QuTiP 5 is a redesign of many of the core components of QuTiP (Qobj,
QobjEvo, solvers) to make them more consistent and more flexible.

Qobj may now be stored in either sparse or dense representations,
and the two may be mixed sensibly as needed. QobjEvo is now used
consistently throughout QuTiP, and the implementation has been
substantially cleaned up.

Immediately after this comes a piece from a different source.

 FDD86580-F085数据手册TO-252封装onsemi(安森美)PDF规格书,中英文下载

A new Coefficient class is used to
represent the time-dependent factors inside QobjEvo.

The solvers have been rewritten to work well with the new data layer
and the concept of Integrators which solve ODEs has been introduced.
In future, new data layers may provide their own Integrators
specialized to their representation of the underlying data.

Much of the user-facing API of QuTiP remains familiar, but there have
had to be many small breaking changes. If we can make changes to
easy migrating code from QuTiP 4 to QuTiP 5, please let us know.
A notebook to help with migration is available on colab.

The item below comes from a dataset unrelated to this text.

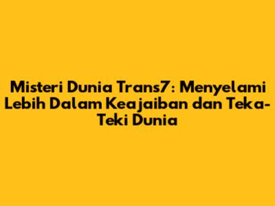 Apa Itu Misteri Dunia Trans7?

An extensive list of changes follows.

Contributors

QuTiP 5 has been a large effort by many people over the last three years.

In particular:

  • Jake Lishman led the implementation of the new data layer and coefficients.
  • Eric Giguère led the implementation of the new QobjEvo interface and solvers.
  • Boxi Li led the updating of QuTiP's QIP support and the creation of qutip_qip.

Other members of the QuTiP Admin team have been heavily involved in reviewing,
testing and designing QuTiP 5:

  • Alexander Pitchford
  • Asier Galicia
  • Nathan Shammah
  • Shahnawaz Ahmed
  • Neill Lambert
  • Simon Cross
  • Paul Menczel

Two Google Summer of Code contributors updated the tutorials and benchmarks to
QuTiP 5:

During an internship at RIKEN, Patrick Hopf created a new quantum control method and
improved the existing methods interface:

Four experimental data layers backends were written either as part of Google Summer
of Code or as separate projects. While these are still alpha quality, they helped
significantly to test the data layer API:

Finally, Yuji Tamakoshi updated the visualization function and added animation
functions as part of Google Summer of Code project.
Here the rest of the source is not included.